Let the conversation begin!
How did you choose the genre you write in?
It chose me. I’ve always loved reading middle-grade fiction. It seemed like a no-brainer when a young girl turning twelve whispered in my ear.
How do you recharge your creative batteries?
Long walks. Talks with friends. Traveling. Reading. Especially reading.
Can you tell us about the book you’re working on? Is it coming easily or have you run into road blocks?
I’ve been playing around with a character whose names seems to be Azalea. I see her clearly and the first chapter just poured out. I suspect when I sit down and ask her to tell me a story, the roadblocks might vanish. Right now, the character seems to be seriously in search of her plot!
Is any material in your books based on real life experiences or purely imagination?
Much of GLORY BE is based on things that happened in the South in the 60s. I did a lot of research but I’ve always been fascinated by what went on in my own backyard, so to speak.
True= I’ve visited Elvis’s house in Tupelo.

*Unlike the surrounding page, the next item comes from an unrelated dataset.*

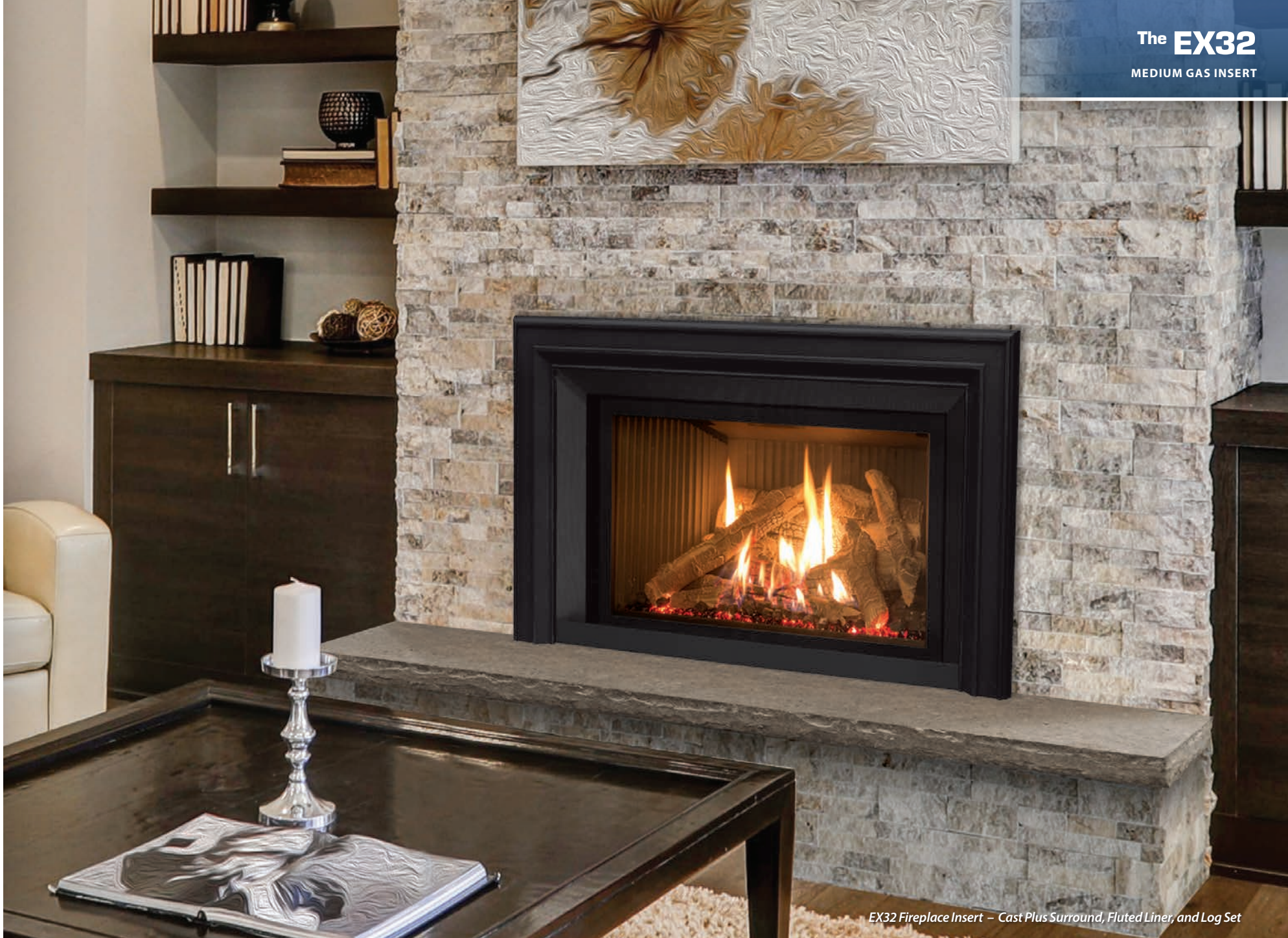
EX32 Fireplace Insert – Cast Plus Surround, Fluted Liner, and Log Set

True= I know a lot about libraries and even worked in a similar situation to Miss Bloom’s library.
True= I was in the Pep Squad.
True= My college roommate knew how to twirl a fire baton.
False= The swimming pool in my town didn’t close.
True= Many others did.
How many words have you written in one writing session?
I don’t really do the word count thing.
Are you a person who makes the bed in the morning?
If nobody’s looking? Actually, I do make the bed. Sometimes not the minute I jump out of it.
Can you tell us about your challenges in getting your first book published?
The biggest problem I had was not realizing it wasn’t quite a “book” yet. The newbie’s error. Submitting it before it was ready. Once it was close to ready, I found the perfect agent and we worked some more. When she submitted it to the perfect editor, things went very smoothly.
What is your very favorite part of the day?
Early morning. Hands down.
What was the worst advice you’ve ever been given?
- Don’t write from the point of view of a boy.
- Kids don’t read historical fiction so it’s a hard sell. Give it up.